I have an Authorization Server built in .Net Core Using Identity Server 4! It is working as expected to authorize clients and resources from Node Js and .Net. Now I’m trying to add a Java spring Boot 2 API (jdk 1.8) as a Protected Resource. I have achieved that goal by using the OAuth2 Boot Documentation! Everything works fine so far. Now, I need to extract the claims from the access token generated by the Authorization Server. This is a Bearer Token of Type JWT. The implementation I have for this is the following:
@Configuration
@EnableResourceServer
@EnableGlobalMethodSecurity(prePostEnabled = true)
public class SecurityConfiguration extends ResourceServerConfigurerAdapter {
public String resourceId;
@Autowired
public SecurityConfiguration(@Value("${security.oauth2.resource.id}") String resourceId) {
this.resourceId = resourceId;
}
@Override
public void configure(ResourceServerSecurityConfigurer resources) {
resources.resourceId(this.resourceId);
}
@Override
public void configure(HttpSecurity httpSecurity) throws Exception {
httpSecurity
.csrf()
.disable()
.authorizeRequests()
.antMatchers("/swagger-ui.html", "/webjars/**", "/swagger-resources/**", "/**/api-docs/**", "/actuator/**")
.permitAll()
.and()
.authorizeRequests().anyRequest().fullyAuthenticated();
}
The problem is that when I try to access the claims inside a controller, they are not available.

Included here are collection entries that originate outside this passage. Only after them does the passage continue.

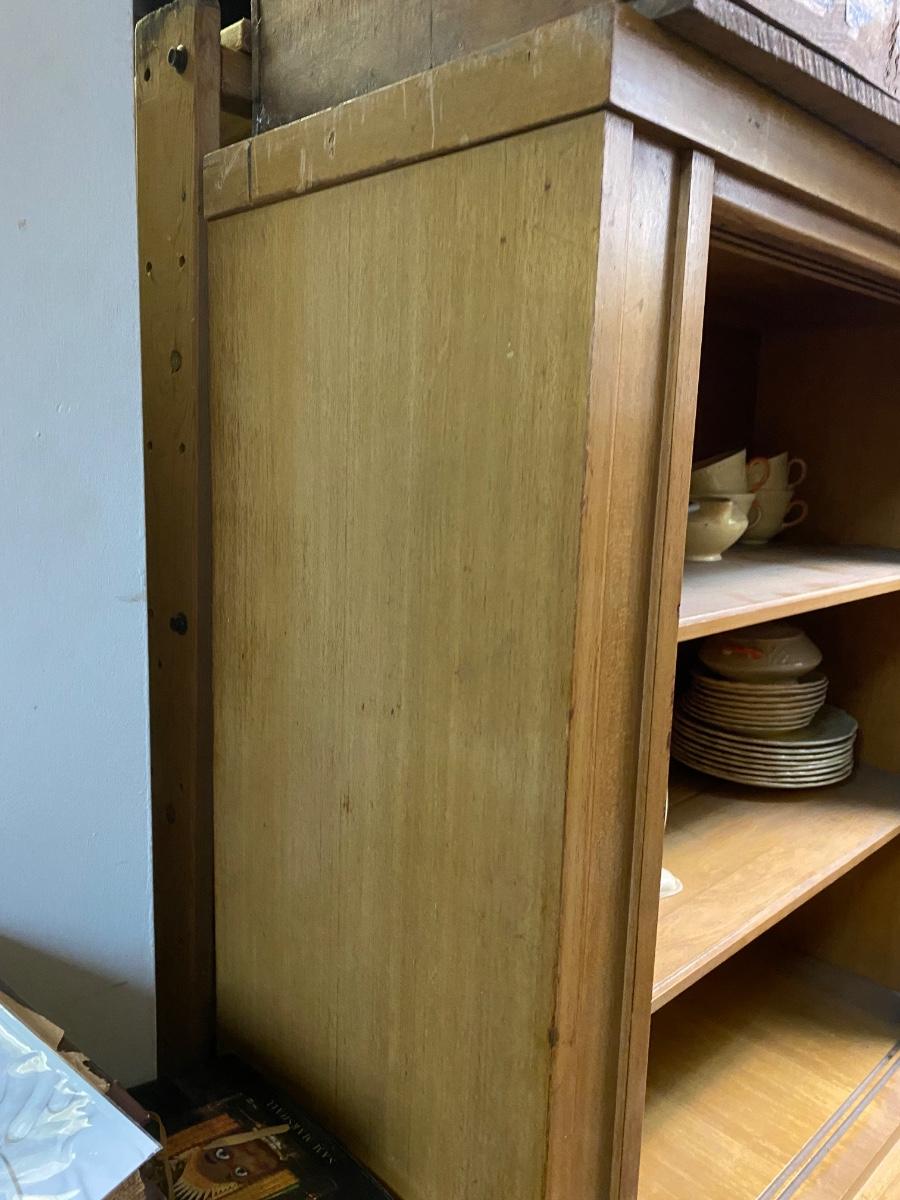 Vintage hutch with drawer and lower cabinet. No doors or glass on upper part, but that just makes it easier to reach things. Measures 65" hish, 32"Wx15D.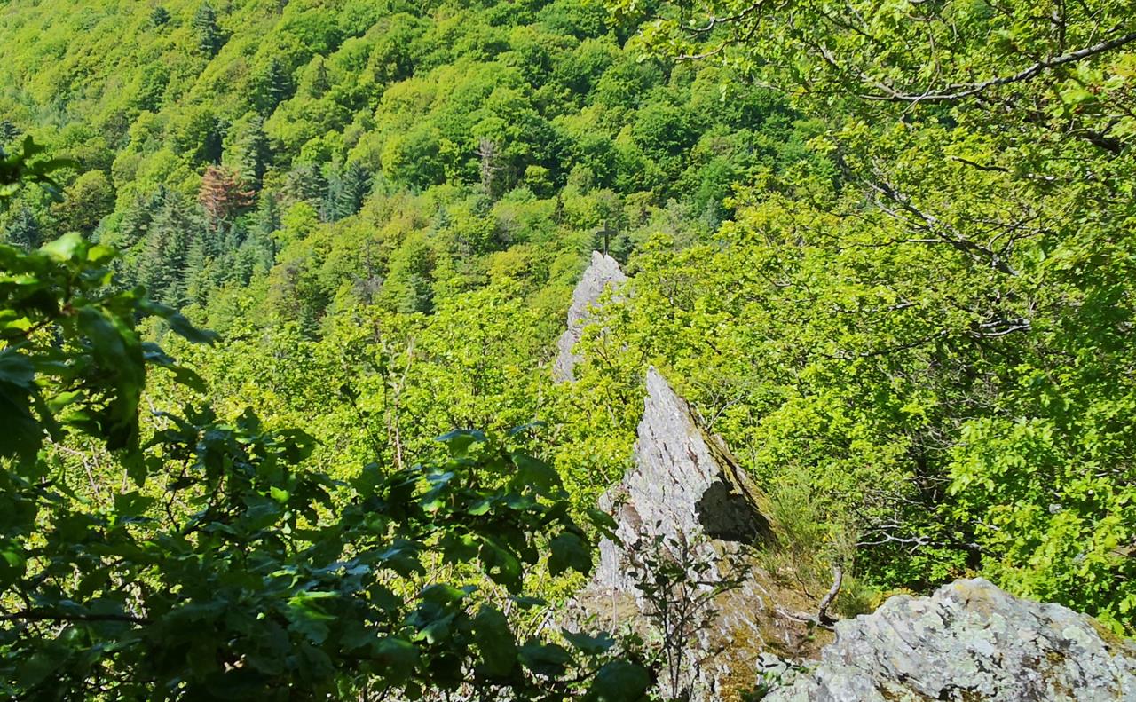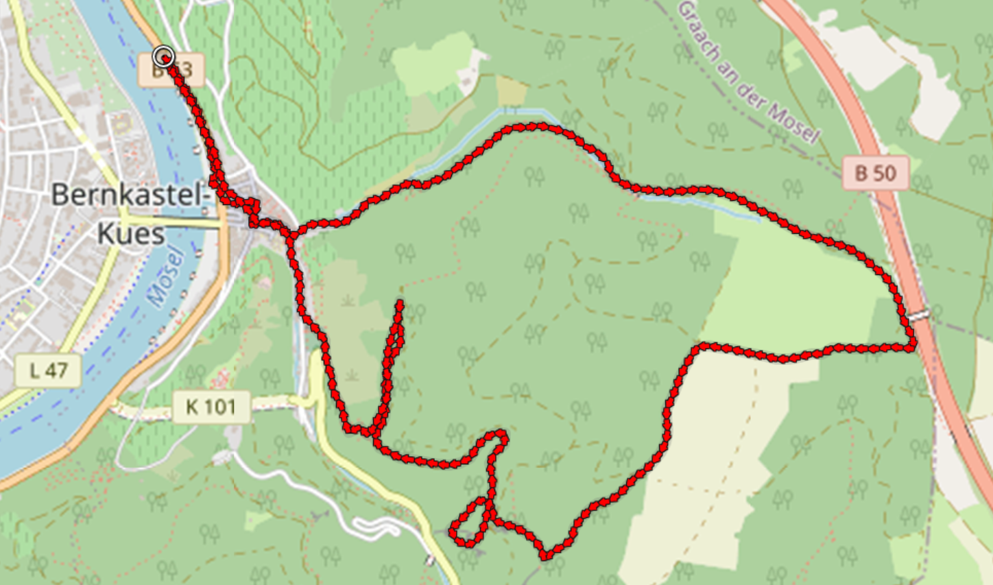 Wir drehen an dieser Stelle wieder in Richtung Bernkastel-Kues ab. Es geht steil durch den Wald hinab, vorbei am „goldenen Kreuz“ auf einem exponierten Felssporn, und weiter zum Aussichtspunkt „Kaiserstuhl“. Von dort blicken wir wunderbar hinunter ins Moseltal nach Bernkaste-Kues und weiter bis nach Zeltingen-Rachtig, wo wir gestern unterwegs waren.
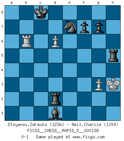 Last move : 0-1 2014 December 14 15:34:42 [Event "FICGS__CHESS__RAPID_E__000138"] [Site "FICGS"] [Date "2014.10.30"] [Round "1"] [White "Stoyanov,Zdravko"] [Black "Neil,Charlie"] [Result "0-1"] [WhiteElo "1236"] [BlackElo "1154"] 1.e4 e6 2.Nf3 d5 3.e5 c5 4.a3 Nc6 5.Bb5 Nge7 6.O-O Ng6 7.d4 Bd7 8.c3 a6 9.Bxc6 Bxc6 10.Bg5 Qb6 11.b4 cxb4 12.axb4 Bb5 13.Re1 Rc8 14.Nfd2 h6 15.Ra5 hxg5 16.Re3 Be7 17.g3 Kd7 18.Qg4 Rh7 19.Nf3 Qd8 20.Na3 Bc6 21.Nxg5 Bxg5 22.Rf3 Qe7 23.Rc5 b6 24.b5 axb5 25.Nxb5 Bxb5 26.Rxd5+ Kc6 27.Rd6+ Kb7 28.Qe4+ Kc7 29.d5 Rch8 30.c4 Ba4 31.Ra3 Rxh2 32.Kf1 Bd1 33.f4 Rh1+ 34.Kf2 R8h2+ 35.Ke3 Re1+ 36.Kd3 Rxe4 37.Ra7+ Kc8 38.Rxe7 Bc2+ 39.Kc3 Nxe7 40.fxg5 exd5 41.cxd5 Re3+ 42.Kd4 Rd3+ 43.Ke4 Re2+ 44.Kf4 Rd4+ 45.Kf3 Rxe5 46.Rxb6 Bd1+ 47.Kg2 Rxg5 48.d6 Rd2+ 49.Kh3 Rh5+ 0-1 French defense Kingside Castling by player White (move 6) Player Black won this chess game. Follow this game move after move (download)There are two types of sacrifices: correct ones and mine. (Mikhail Tal) Im Schach nämlich geht es darum, daß Ich des Gegners klein zu kriegen, sein Ego zu zerbrechen und zu zermahlen, seine Selbstachtung zu zertreten und zu verscharren und seine ganze mißachtenswerte sogenannte Persönlichkeit ein für alle Mal tot zu hacken und zu zerstampfen und dadurch die menschliche Gesellschaft von einer stinkenden Pestbeule zu befreien. Es ist ein königliches Spiel. (Robert James Fischer) Siempre es mucho mejor sacrificar las piezas de tu oponente. (Savielly Tartakover) Je fais ceci parce que dans cinquante coups j'obtiendrai cela; je m'appelle Mikhail Moisevitch Botvinnik. (Botvinnik) When you've done things right people won't know you've done anything at all. (Futurama)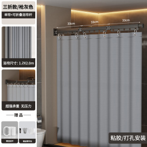 ルームシャワーカーテン吸盤折りたたみ目に見えない浴室乾湿分離バスカーテン防水布シャワーパーティションシャワーカーテンロッド
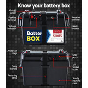 Have 12V battery will travel. With the Battery Box, there is no need to limit yourself to one location or one purpose for your deep cycle battery. The box can easily fit any deep cycle battery that measures 35cm x 18cm x 23cm and turn it into a great power station. You can power up a host of devices including camping lights and portable fridges with its cigarette lighter socket as well as mobile phones and tablets with the two USB ports. The box itself can be charged using solar panels or any power source with its quick-connect Anderson plugs. Better still, the box comes pre-wired, so all you need to do is to connect to the deep cycle battery terminals and it is good to go. The box is strong and sturdy with a built-in voltage indicator and circuit breaker for safe and hassle-free use.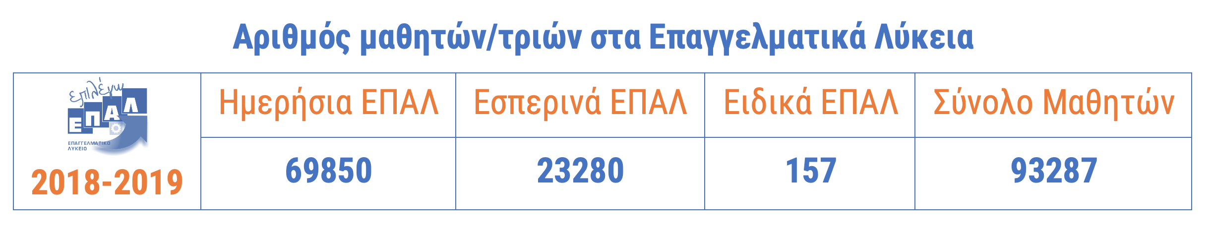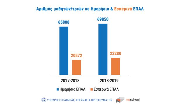 Σημειώνεται πως σε σχέση με το προηγούμενο σχολικό έτος (2017-2018), παρατηρείται αύξηση του μαθητικού δυναμικού στα ΕΠΑΛ κατά 7,7%, ενώ συνεχής αυξητική τάση καταγράφεται στην προσέλευση των μαθητών/τριών στα Εσπερινά ΕΠΑΛ (φετινή αύξηση σε σχέση με πέρσι: 13%).

I have checked the default extractAuthentication Method from DefaultAccessTokenConverter, inside spring security, and indeed It is ignoring all non-default claims. What cross my mind is creating a new Converter extending the DefaultAccessToken Converter, as following:
@Component
public class CustomAccessTokenConverter extends DefaultAccessTokenConverter {
@Override
public OAuth2Authentication extractAuthentication(Map<String, ?> claims) {
OAuth2Authentication authentication = super.extractAuthentication(claims);
authentication.setDetails(claims);
return authentication;
}
}
But I have not figured out where to inject or reference this new converter.
Advertisement
Answer
Unfortunately, the Spring Boot auto-configuration doesn’t seem to provide a way to replace the DefaultAccessTokenConverter, which is the default token converter in RemoteTokenServices. To replace the converter, you would have to replace the RemoteTokenServices that’s created by default.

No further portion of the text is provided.